The sgmllib module, shown in Example 5-5, provides a basic SGML parser. It works pretty much the same as the xmllib parser, but is less restrictive (and less complete).

Like in xmllib, this parser calls methods in itself to deal with things like start tags, data sections, end tags, and entities. If you're only interested in a few tags, you can define special start and end methods.

Example 5.5. Using the sgmllib Module to Extract the Title Element

File: sgmllib-example-1.py

import sgmllib
import string

class FoundTitle(Exception):
    pass

class ExtractTitle(sgmllib.SGMLParser):

    def __init__(self, verbose=0):
        sgmllib.SGMLParser.__init__(self, verbose)
        self.title = self.data = None

    def handle_data(self, data):
        if self.data is not None:
            self.data.append(data)

    def start_title(self, attrs):
        self.data = []

    def end_title(self):
        self.title = string.join(self.data, "")
        raise FoundTitle # abort parsing!

def extract(file):
    # extract title from an HTML/SGML stream
    p = ExtractTitle()
    try:
        while 1:
            # read small chunks
            s = file.read(512)
            if not s:
                break
            p.feed(s)
        p.close()
    except FoundTitle:
        return p.title
    return None

#
# try it out

print "html", "=>", extract(open("samples/sample.htm"))
print "sgml", "=>", extract(open("samples/sample.sgm"))

html => A Title.
sgml => Quotations

To handle all tags, overload the unknown_starttag and unknown_endtag methods instead, as Example 5-6 demonstrates.

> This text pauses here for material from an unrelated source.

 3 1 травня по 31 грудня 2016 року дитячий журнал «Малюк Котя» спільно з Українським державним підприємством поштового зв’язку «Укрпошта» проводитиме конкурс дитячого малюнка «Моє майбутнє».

Example 5.6. Using the sgmllib Module to Format an SGML Document

File: sgmllib-example-2.py

import sgmllib
import cgi, sys

class PrettyPrinter(sgmllib.SGMLParser):
    # A simple SGML pretty printer

    def __init__(self):
        # initialize base class
        sgmllib.SGMLParser.__init__(self)
        self.flag = 0

    def newline(self):
        # force newline, if necessary
        if self.flag:
            sys.stdout.write("\n")
        self.flag = 0

    def unknown_starttag(self, tag, attrs):
        # called for each start tag

        # the attrs argument is a list of (attr, value)
        # tuples. convert it to a string.
        text = ""
        for attr, value in attrs:
            text = text + " %s='%s'" % (attr, cgi.escape(value))

        self.newline()
        sys.stdout.write("<%s%s>\n" % (tag, text))

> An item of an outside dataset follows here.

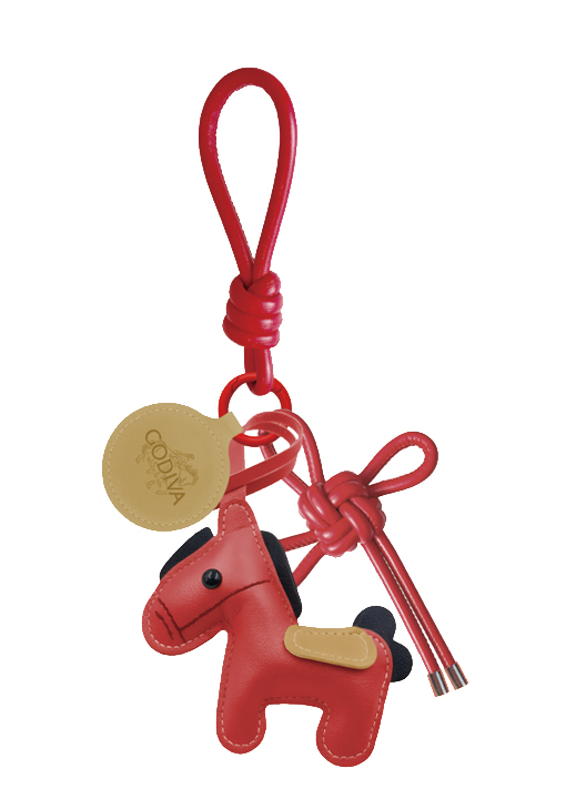 新年限定禮盒附上馬年皮革吊飾,以駿馬馳騁為設計主題,結合柔軟皮革質感。由即日起,凡選購任何新年系列產品(禮籃除外)單一消費折實滿HK$388,即可獲贈GODIVA馬年皮革吊飾乙個。

    def handle_data(self, text):
        # called for each text section
        sys.stdout.write(text)
        self.flag = (text[-1:] != "\n")

    def handle_entityref(self, text):
        # called for each entity
        sys.stdout.write("&%s;" % text)
        
    def unknown_endtag(self, tag):
        # called for each end tag
        self.newline()
        sys.stdout.write("<%s>" % tag)

#
# try it out

file = open("samples/sample.sgm")

p = PrettyPrinter()
p.feed(file.read())
p.close()

<chapter>
<title>
Quotations
<title>
<epigraph>
<attribution>
eff-bot, June 1997
<attribution>
<para>
<quote>
Nobody expects the Spanish Inquisition! Amongst
our weaponry are such diverse elements as fear, surprise,
ruthless efficiency, and an almost fanatical devotion to
Guido, and nice red uniforms &mdash; oh, damn!
<quote>
<para>
<epigraph>
<chapter>

Example 5-7 checks if an SGML document is "well-formed", in the XML sense. In a well-formed document, all elements are properly nested, with one end tag for each start tag.

To check this, we simply keep a list of open tags, and check that each end tag closes a matching start tag and that there are no open tags when we reach the end of the document.

Example 5.7. Using the sgmllib Module to Check if an SGML Document Is Well-Formed

File: sgmllib-example-3.py

import sgmllib

class WellFormednessChecker(sgmllib.SGMLParser):
    # check that an SGML document is 'well-formed'
    # (in the XML sense).

    def __init__(self, file=None):
        sgmllib.SGMLParser.__init__(self)
        self.tags = []
        if file:
            self.load(file)

    def load(self, file):
        while 1:
            s = file.read(8192)
            if not s:
                break
            self.feed(s)
        self.close()

    def close(self):
        sgmllib.SGMLParser.close(self)
        if self.tags:
            raise SyntaxError, "start tag %s not closed" % self.tags[-1]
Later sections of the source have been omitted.